I worry about being able to tell the difference between clashes and sounds generated by the speaker though.
PS: You are correct, unfortunately I do not remember you, but well met (again) anyways!
Most small boards seem to have a slow analogRead, limiting the sample rate to less than what you would want for analyzing an impulse with microsecond-accurate timing. A longitudinal wave in polycarbonate travels at about 1500 m/s, so you would need tens of thousands of samples per second to locate the clash to within a few centimeters. A transversal wave travels more slowly, and it’s a lot stronger in amplitude, but I alos suspect it to be harder to analyze (more noise, weaker reflection and stronger ringing, wavelength-dependent reflection and wave propagation velocity). A dedicated sound input device has a much faster sample rate with little or no sample jitter, and it leaves the CPU free for other tasks.
If you use a piezo sensor, I wouldn’t think there is any risk of confusing speaker sounds with clashes. Vibrations due to physical hits ought to be orders of magnitude stronger than anything induced by sound.

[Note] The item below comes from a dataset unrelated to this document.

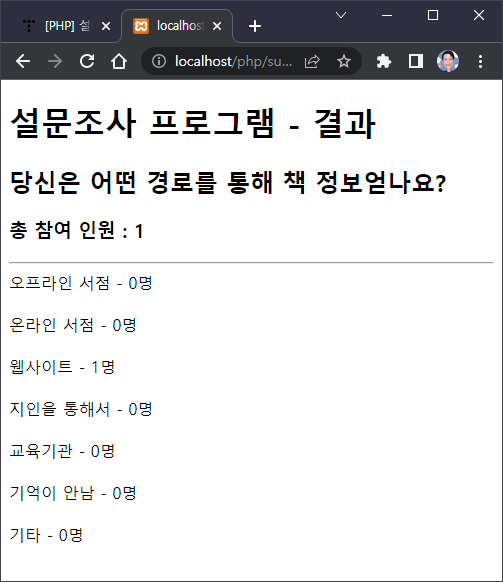 [PHP] 설문조사 프로그램 만들기 (4/4) - 설문조사 결과 확인하기
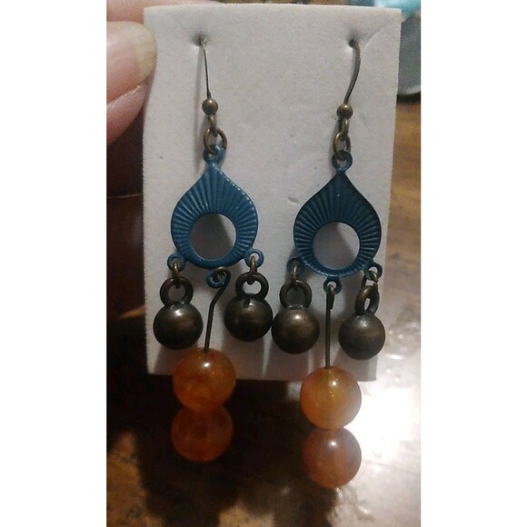 Estate sale find. Beautiful beachy boho Dangle Earrings made from metal and resin

If we could put one sensor at each end of the blade, this would be a much less difficult task, but of course I see the point in making it work for any blade without modifications.

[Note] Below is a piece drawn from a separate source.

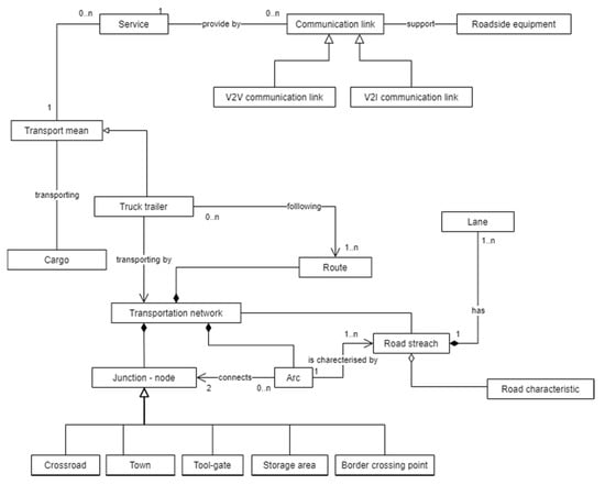 This research is related with results of some studies presented in previous works [,,,] in which we analyse the infrastructure of V2V communication and present the results of the multi-componential service provision for the cooperative vehicular networks. The issues of this area are related to the technology of the Internet of Things (IoT) [], which can work under conditions of wireless communication, by implementing the highest mobile technology of 4G (fourth generation) and 5G (fifth generation) protocols, and the functionalities of global positioning system (GPS), geographical information systems (GIS) and the analysis of big data warehouses []. However, the more in-depth description of such technological functions goes beyond the scope of the problems we examine, and thus our study has such limitations. Additionally, we are restricted our consideration on the area of the landscape transportation of cargo (freights) by roads, with the possibilities for the more extensional consideration of such processes under conditions of multi-modal transportation in future. The study does not cover at this stage the optimisation of traffic questions. These questions will be analysed in further studies.
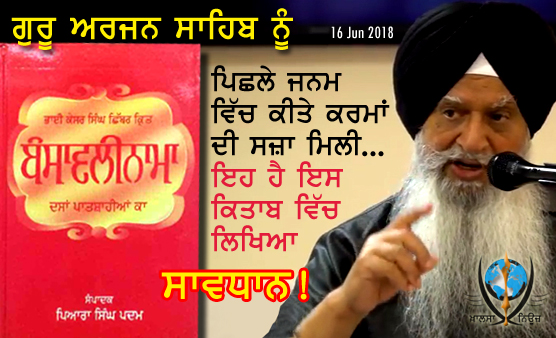 ਗੁਰੂ ਅਰਜਨ ਸਾਹਿਬ ਨੂੰ ਪਿਛਲੇ ਜਨਮ ਵਿੱਚ ਕੀਤੇ ਕਰਮਾਂ ਦੀ ਸਜ਼ਾ ਮਿਲੀ - ਬੰਸਾਵਲੀਨਾਮਾ ਕੇਸਰ ਸਿੰਘ ਛਿੱਬਰ

Hmm. Perhaps this is what I should try instead of pursuing my current quest for a blindingly bright blade. I’m experimenting with fiber optics and thinking of water cooling, with my wife stopping me from entering mad scientist mode with death-murder-kill-strong lasers and sticking with LEDs, but those are all niche designs that would only be one-off builds for lols and bragging rights. I’m well into the realm of “don’t try this at home” already.
I don’t have an I2S input device, but I ordered one just now, along with some vibration sensors. I’ll post an update if I discover anything useful.

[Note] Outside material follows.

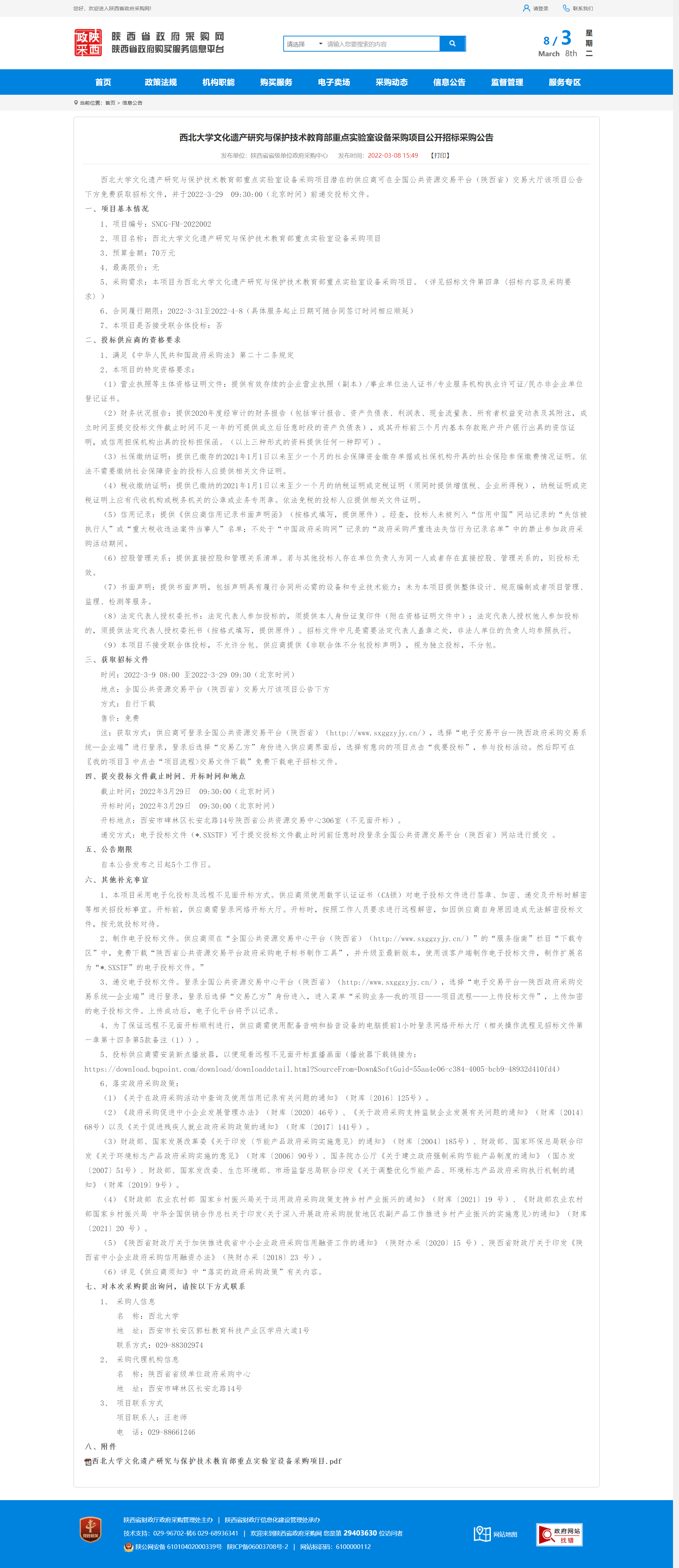 星空app官网文化遗产研究与保护技术教育部重点实验室设备采购项目公开招标采购公告 作者: 编辑:薛利娟 时间:2022-03-08 原公告链接:http://www.ccgp-shaanxi.gov.cn/notice/noticeDetail.do?noticeguid=8a85be387e22c8ad017f687dcc81045b

Slow analogRead would indeed be a problem, and I’m not actually sure what a small CPU would be capable of.
The STM32L4 series of chips can be configured so that analog reading is done fast or slow depending on how much precision you want, they can also be configured to trigger reads from a timer and the output can be stuffed into a DMA channel and written to memory. (When I say analogRead, don’t literally mean calling the Arduino analogRead function, since that would block the main CPU while the analog conversion is happening.)
However, I wasn’t planning to use the proffieboard cpu for all this. I’m thinking that a small external cpu would do the work. I just don’t know if they have similar capabilities or not.
I see two potential problems with using an I2S input device though:
I2S uses 3 pins, and can’t be shared with other functions. Proffieboards don’t really have a lot of extra pins.
The proffieboard CPU would need to analyze the audio, which could be somewhat cpu-intensive. It would be nice to offload that part to a sub-board.
Good points. Perhaps an I2S input unit and a small external CPU would be the way to go. My main issue is that sound input boards have much better ADCs than what you generally find on Arduino/Raspberry/etc analog inputs, and very tightly controlled sample rates. They generally have two input channels as well, which could be useful. But first I need to wire up some tests with my oscilloscope to determine which sensor to use. The ideal would be a $1 piezo buzzer membrane which is easily found as scrap, or a $1 microphone if it can be sealed off from picking up too much ambient sound.